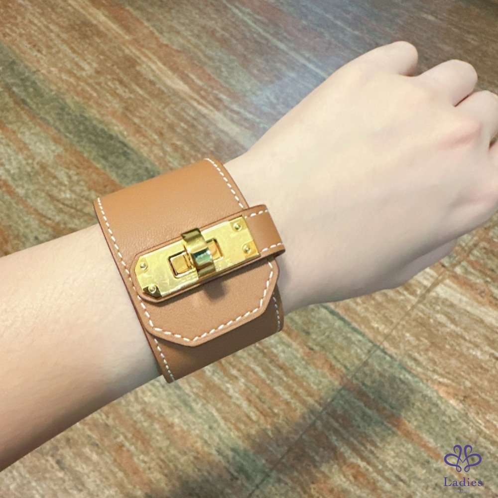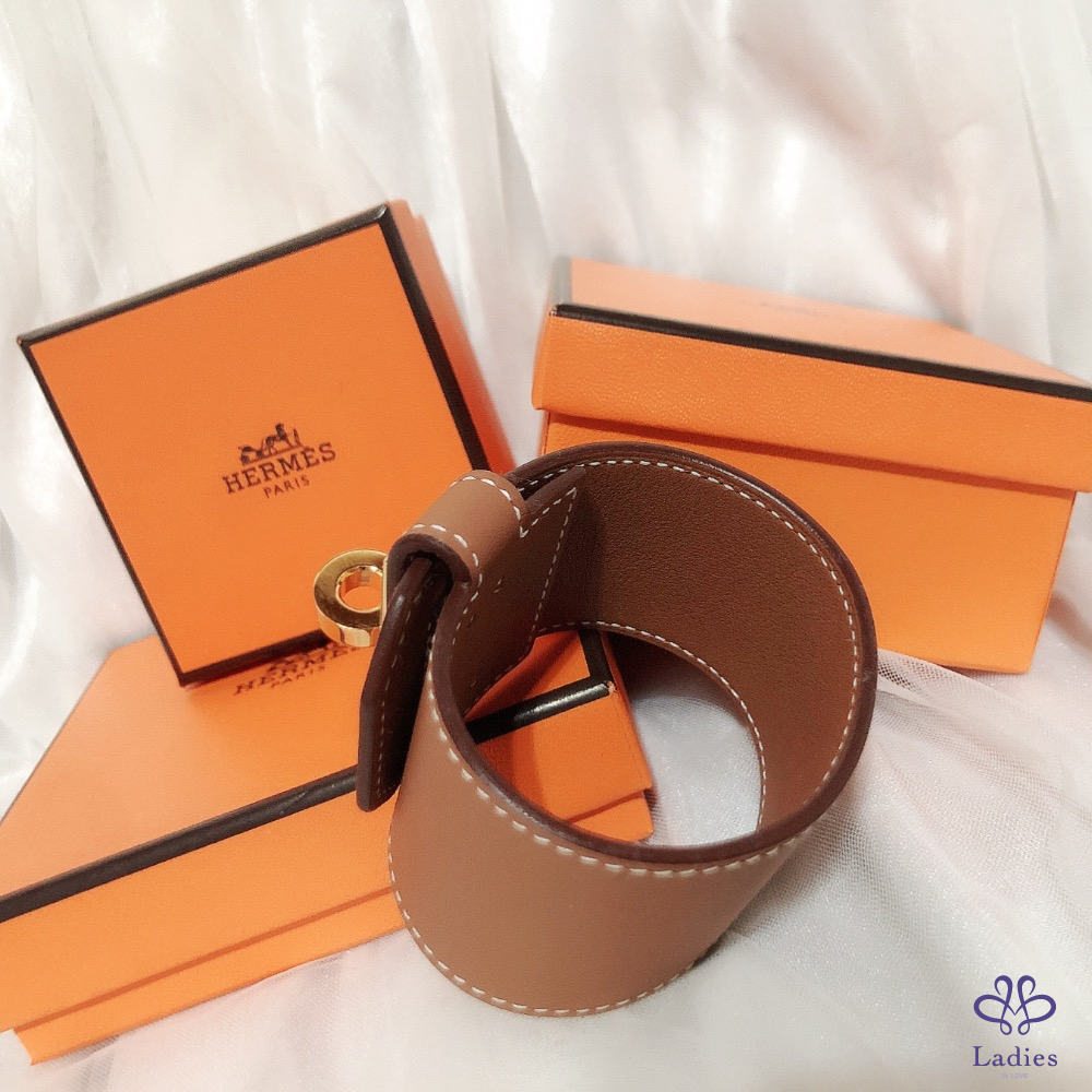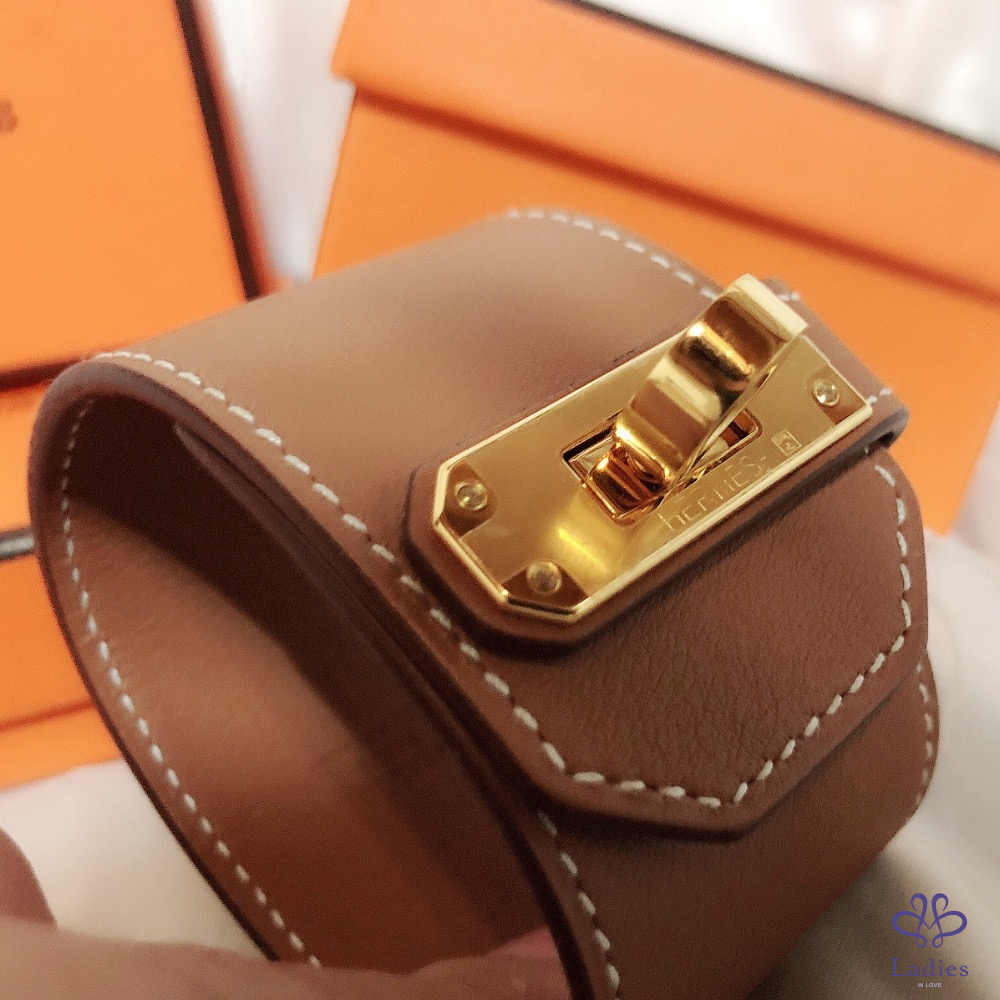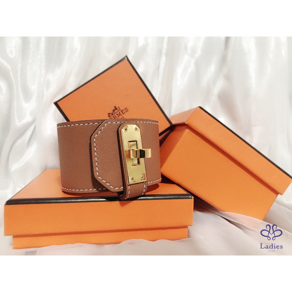 Hermes 愛馬仕 金棕金扣 牛皮Kelly Twist手環 GM 凱莉 寬版 手環 全新✨
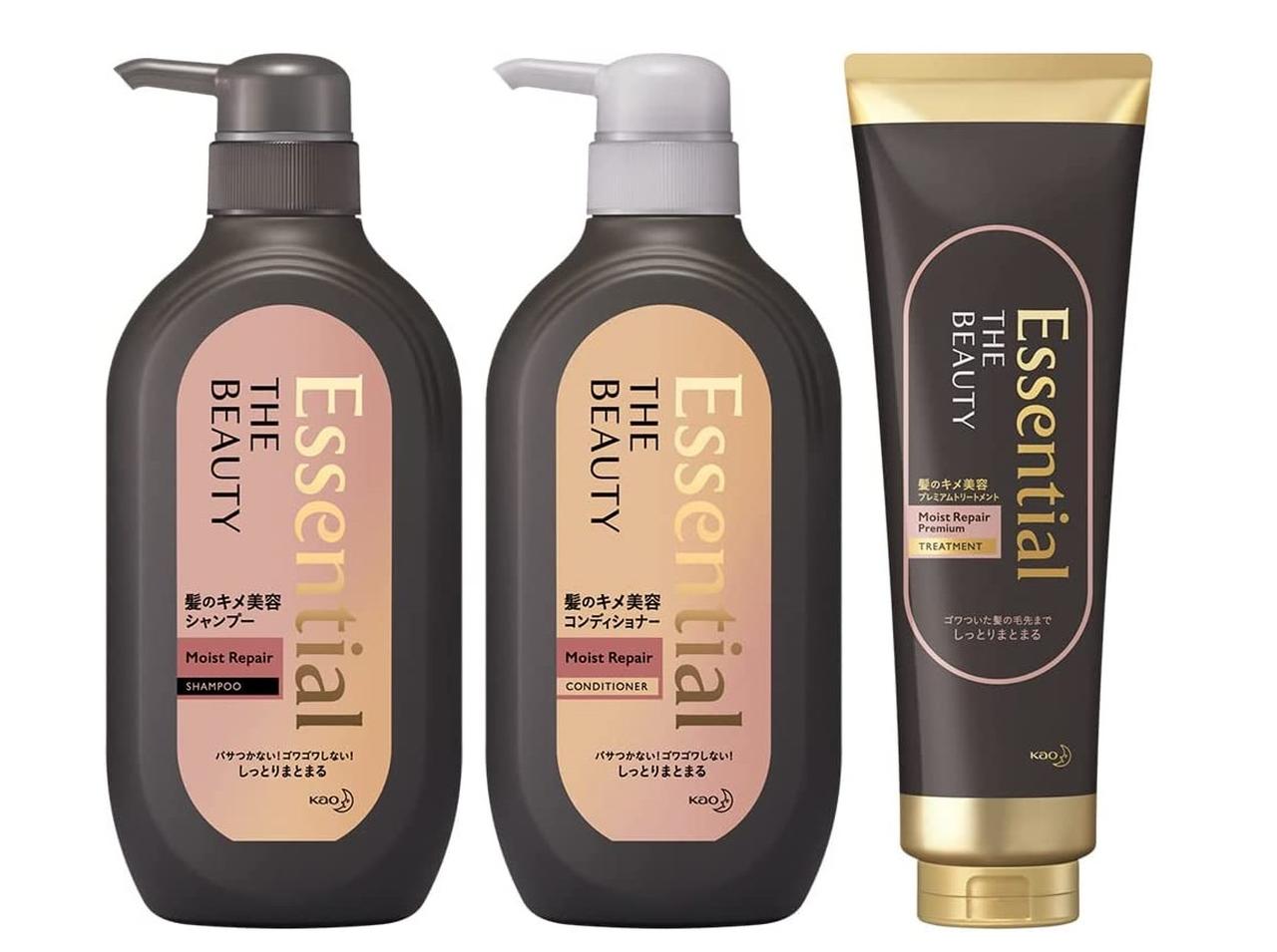 エッセンシャル ザビューティの「髪のキメ美容シャンプー モイストリペア」「髪のキメ美容コンディショナー モイストリペア」「髪のキメ美容 プレミアムトリートメント モイストリペアプレミアム」の3点セット。しっかりまとまる、キメの整った髪に近づく。
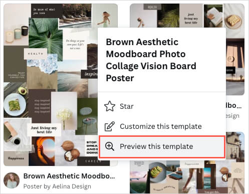 - 興味のあるテンプレートを見ると、そのプレビューを見ることができます。テンプレートの画像の右上にある3つのドットを選択し、選択しますこのテンプレートをプレビューします。
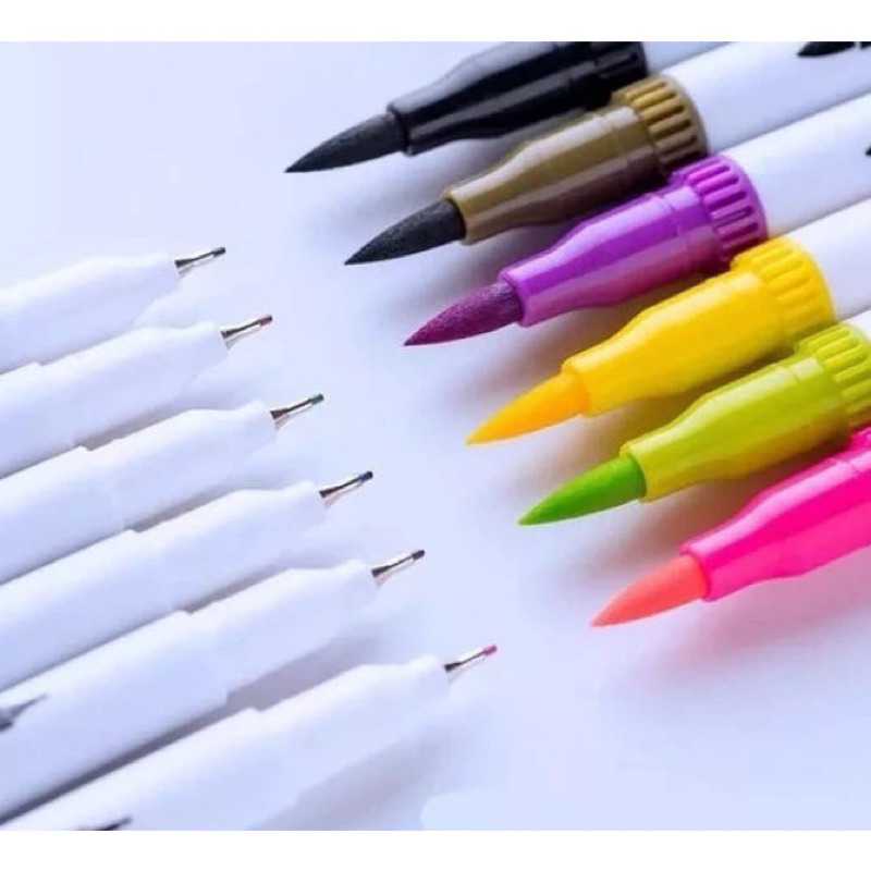 Kit Com 12/24/36Cores caneta 2em 1 com ponta dupla pincel estilo brushpen e ponta fina
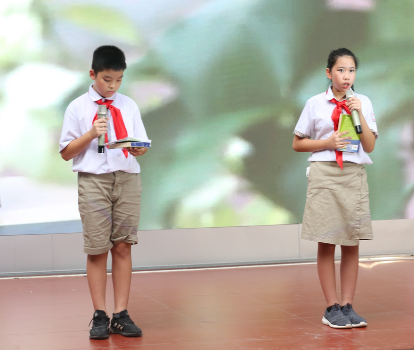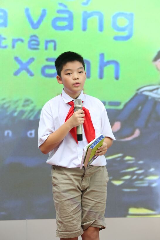 Lần đầu đứng trên sân khấu trước rất nhiều người, cảm xúc của em lạ lắm. Vừa run, vừa hồi hộp. Nhưng vượt qua nỗi sợ ban đầu, em đã tự tin giới thiệu cuốn sách mà mình yêu thích. Em cảm thấy thật sự hạnh phúc khi nhận được những tràng pháo tay ủng hộ của bạn bè và thầy cô. Từ giây phút đó em biết mình đã trưởng thành, có thể vượt qua những giới hạn của bản thân để đạt được ước mơ.
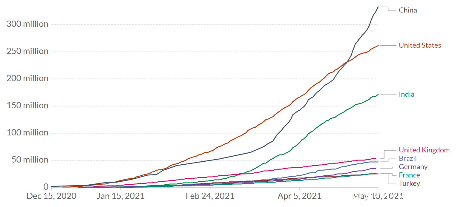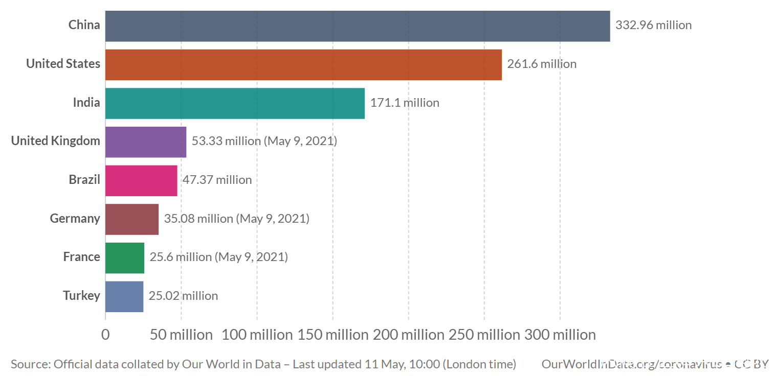 截止2021年5月10日,美國累計接種2.62億劑,居第二位,其中單日新增接種188萬劑。美國至少接種一劑的人羣佔比為45.7%,完成兩劑次的人羣佔比為34.5%。美國每百人累計接種78.22劑,是中國的3.38倍。自3月23日以來,美國日均接種276萬劑,為中國同期日均接種數的54%。
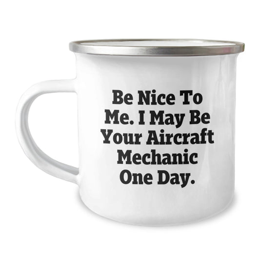 Funny Aircraft Mechanic Gifts for Him, Unique Two Tone Coffee Mugs for Christmas, Be Nice To Me. I May Be Your Aircraft Mechanic One Day. from Friends

○ ○ ○

**Task to complete**:
Retype all the entries word for word; the pictures stay out.

**Result for this exercise**:
 Hermes 愛馬仕 金棕金扣 牛皮Kelly Twist手環 GM 凱莉 寬版 手環 全新✨
 エッセンシャル ザビューティの「髪のキメ美容シャンプー モイストリペア」「髪のキメ美容コンディショナー モイストリペア」「髪のキメ美容 プレミアムトリートメント モイストリペアプレミアム」の3点セット。しっかりまとまる、キメの整った髪に近づく。
 - 興味のあるテンプレートを見ると、そのプレビューを見ることができます。テンプレートの画像の右上にある3つのドットを選択し、選択しますこのテンプレートをプレビューします。
 Kit Com 12/24/36Cores caneta 2em 1 com ponta dupla pincel estilo brushpen e ponta fina
 Lần đầu đứng trên sân khấu trước rất nhiều người, cảm xúc của em lạ lắm. Vừa run, vừa hồi hộp. Nhưng vượt qua nỗi sợ ban đầu, em đã tự tin giới thiệu cuốn sách mà mình yêu thích. Em cảm thấy thật sự hạnh phúc khi nhận được những tràng pháo tay ủng hộ của bạn bè và thầy cô. Từ giây phút đó em biết mình đã trưởng thành, có thể vượt qua những giới hạn của bản thân để đạt được ước mơ.
 截止2021年5月10日,美國累計接種2.62億劑,居第二位,其中單日新增接種188萬劑。美國至少接種一劑的人羣佔比為45.7%,完成兩劑次的人羣佔比為34.5%。美國每百人累計接種78.22劑,是中國的3.38倍。自3月23日以來,美國日均接種276萬劑,為中國同期日均接種數的54%。
 Funny Aircraft Mechanic Gifts for Him, Unique Two Tone Coffee Mugs for Christmas, Be Nice To Me. I May Be Your Aircraft Mechanic One Day. from Friends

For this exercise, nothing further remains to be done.